这是我使用的函数，并且在处理大文件（1GB+）时，由于某些原因，当你知道文件大小时，std::ifstream::read() 比 std::ifstream::rdbuf() 更快。所以整个“先检查文件大小”的事实上是一种速度优化。

#include <string>
#include <fstream>
#include <sstream>
std::string file_get_contents(const std::string &$filename)
{
    std::ifstream file($filename, std::ifstream::binary);
    file.exceptions(std::ifstream::failbit | std::ifstream::badbit);
    file.seekg(0, std::istream::end);
    const std::streampos ssize = file.tellg();
    if (ssize < 0)
    {
        // can't get size for some reason, fallback to slower "just read everything"
        // because i dont trust that we could seek back/fourth in the original stream,
        // im creating a new stream.
        std::ifstream file($filename, std::ifstream::binary);
        file.exceptions(std::ifstream::failbit | std::ifstream::badbit);
        std::ostringstream ss;
        ss << file.rdbuf();
        return ss.str();
    }
    file.seekg(0, std::istream::beg);
    std::string result(size_t(ssize), 0);
    file.read(&result[0], std::streamsize(ssize));
    return result;
}

- Paul Sumpner · Answer 8

#include <string>
#include <sstream>

using namespace std;

string GetStreamAsString(const istream& in)
{
    stringstream out;
    out << in.rdbuf();
    return out.str();
}

string GetFileAsString(static string& filePath)
{
    ifstream stream;
    try
    {
        // Set to throw on failure
        stream.exceptions(fstream::failbit | fstream::badbit);
        stream.open(filePath);
    }
    catch (system_error& error)
    {
        cerr << "Failed to open '" << filePath << "'\n" << error.code().message() << endl;
        return "Open fail";
    }

    return GetStreamAsString(stream);
}

用法：

const string logAsString = GetFileAsString(logFilePath);

- kiroma · Answer 9

一个基于CTT解决方案的更新函数：

#include <string>
#include <fstream>
#include <limits>
#include <string_view>
std::string readfile(const std::string_view path, bool binaryMode = true)
{
    std::ios::openmode openmode = std::ios::in;
    if(binaryMode)
    {
        openmode |= std::ios::binary;
    }
    std::ifstream ifs(path.data(), openmode);
    ifs.ignore(std::numeric_limits<std::streamsize>::max());
    std::string data(ifs.gcount(), 0);
    ifs.seekg(0);
    ifs.read(data.data(), data.size());
    return data;
}

有两个重要的区别：

tellg()不能保证返回从文件开头算起的字节偏移量。
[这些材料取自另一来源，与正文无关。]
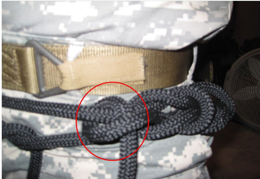
OVERHAND KNOT TIED TO WRONG ROPE (MINOR)
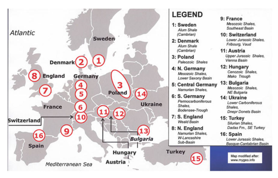
Fig. 1 Shale gas opportunities in Europe (http://www.netlabgmbh.de/ShaleGas%20Europe.jpg)

recoverable resources of shale gas make 5.3 tcm. Based on such data, there were made assumptions about the opening opportunities for Europe to change drastically its gas market structure having reduced significantly the dependence on hydrocarbon supply from Russia, Near East, and North Africa. Thus, in the recent years, the gas consumption in the European countries made around 550 bcm. After respective estimates, it was concluded that the shale gas reserves were sufficient to meet the needs of Europe for 30–35 years.

正如Puzomor Croatia所指出的那样，它更像是一个令牌，可以在fstream调用中使用。gcount()则确实返回最后提取的未格式化字节数量。因此，我们打开文件，使用ignore()提取并丢弃其所有内容以获取文件大小，并基于此构建输出字符串。

其次，我们通过直接写入字符串来避免将文件数据从std::vector<char>复制到std::string。

就性能而言，这应该是绝对最快的方法，提前分配适当大小的字符串并调用read()一次。有趣的是，在gcc上使用ignore()和countg()而不是ate和tellg()编译成几乎相同的东西，一位一位地。

- Dumbo · Answer 10

对于小到中等大小的文件，我使用以下方法，它们非常快速。其中返回字符串的方法可以用于将字节数组“转换”为字符串。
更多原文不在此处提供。